[Given information — start]

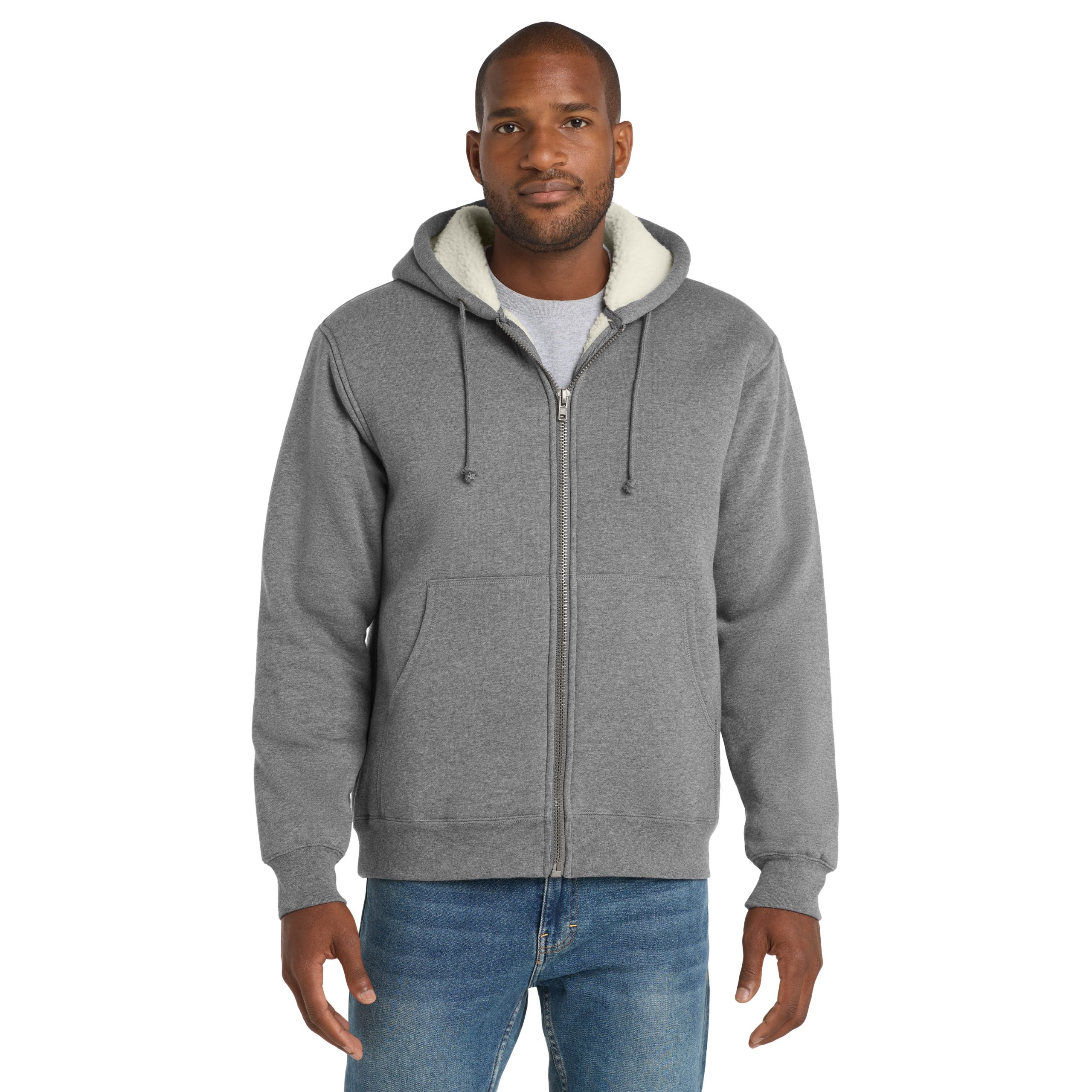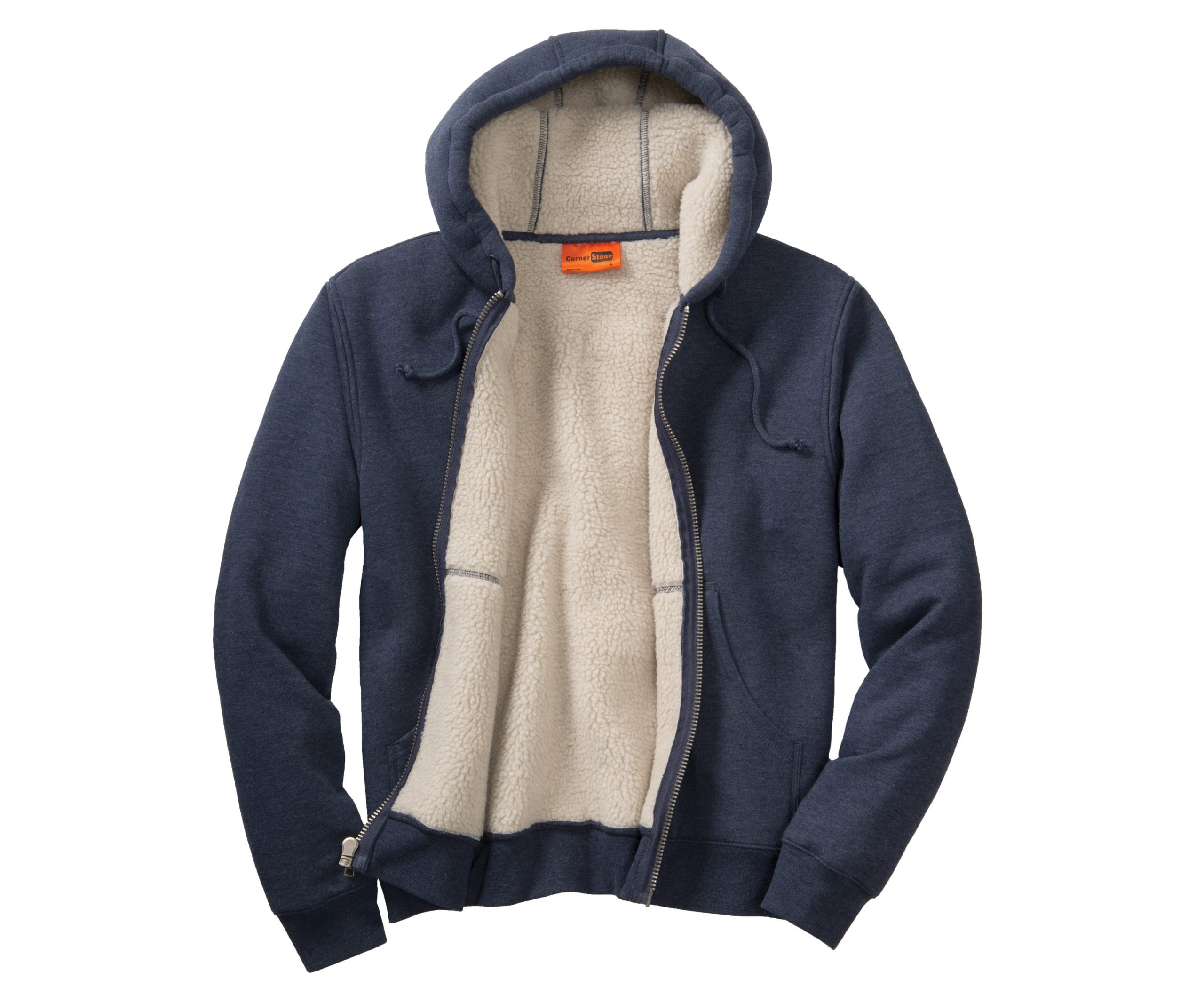 - 19.8-ounce, 53/47 cotton/poly fleece bonded to 100% polyester high-pile fleece
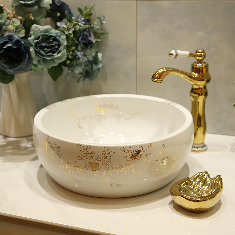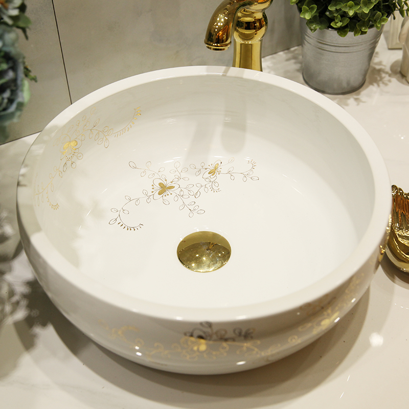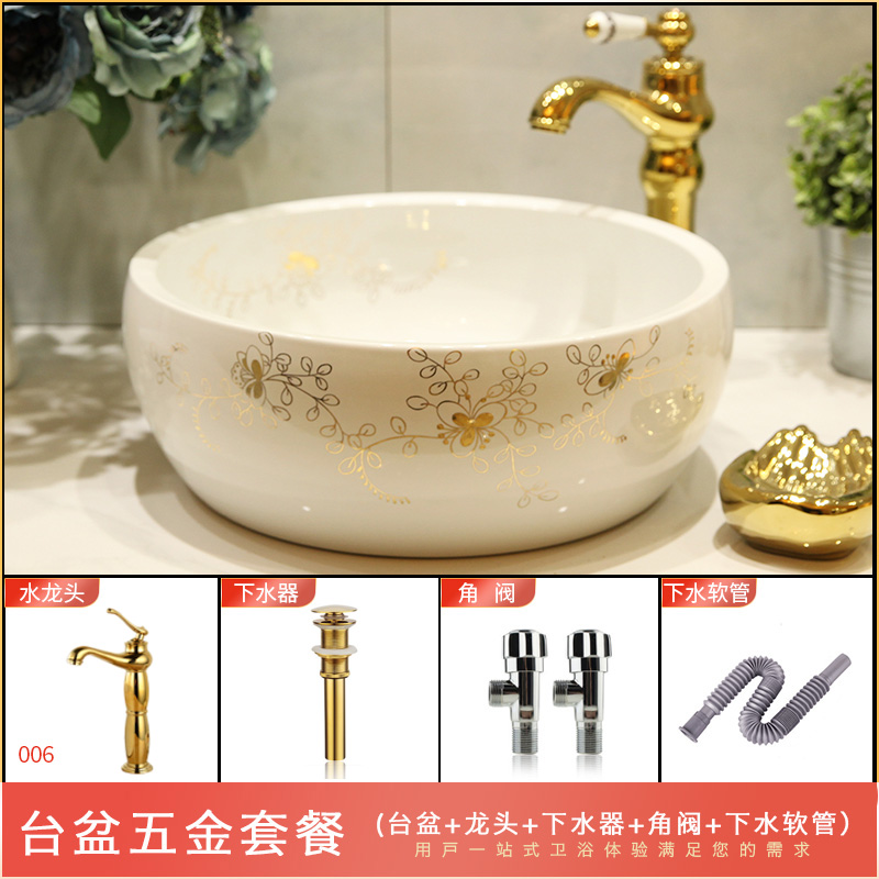 Wanjiao Taiwan pot ceramic bathroom wash basin basin art basin art basin hand painted gold flowers
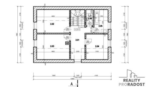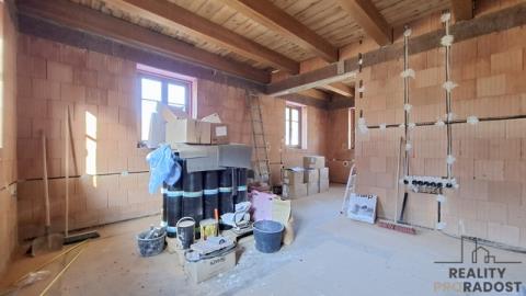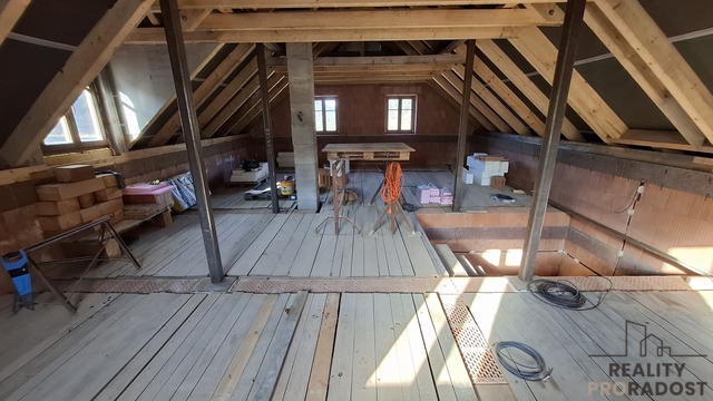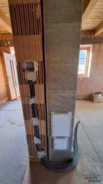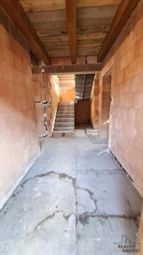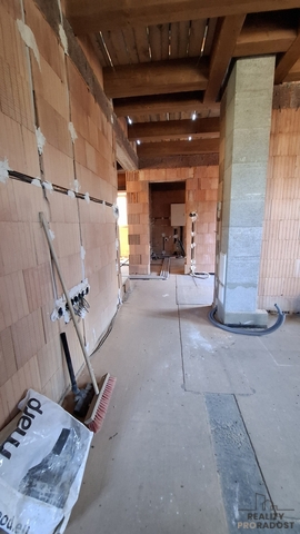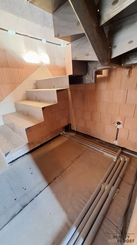 Přízemí je stavebně přesně dle projektu, patro zatím jeden velký prostor a nabízí tak dokončit příčky a pokoje dle vlastního uvážení a potřeb.
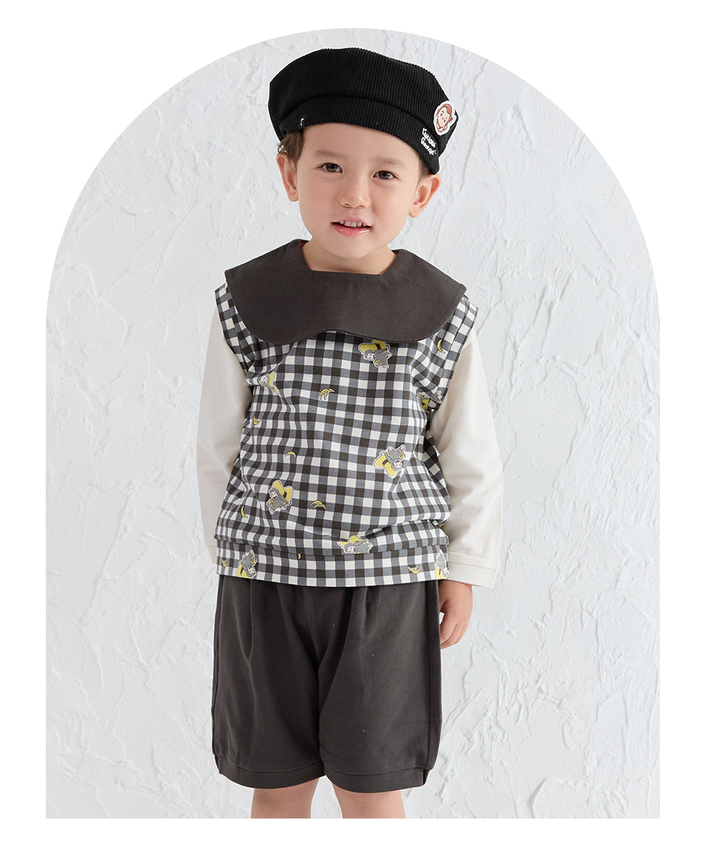 「チェック柄トップス&5分丈パンツ」のデザインをアレンジ。

[Given information — finish]

■ Exercise requirements
What you return should match the material word for word, apart from the pictures.

■ Exercise answer
 - 19.8-ounce, 53/47 cotton/poly fleece bonded to 100% polyester high-pile fleece
 Wanjiao Taiwan pot ceramic bathroom wash basin basin art basin art basin hand painted gold flowers
 Přízemí je stavebně přesně dle projektu, patro zatím jeden velký prostor a nabízí tak dokončit příčky a pokoje dle vlastního uvážení a potřeb.
 「チェック柄トップス&5分丈パンツ」のデザインをアレンジ。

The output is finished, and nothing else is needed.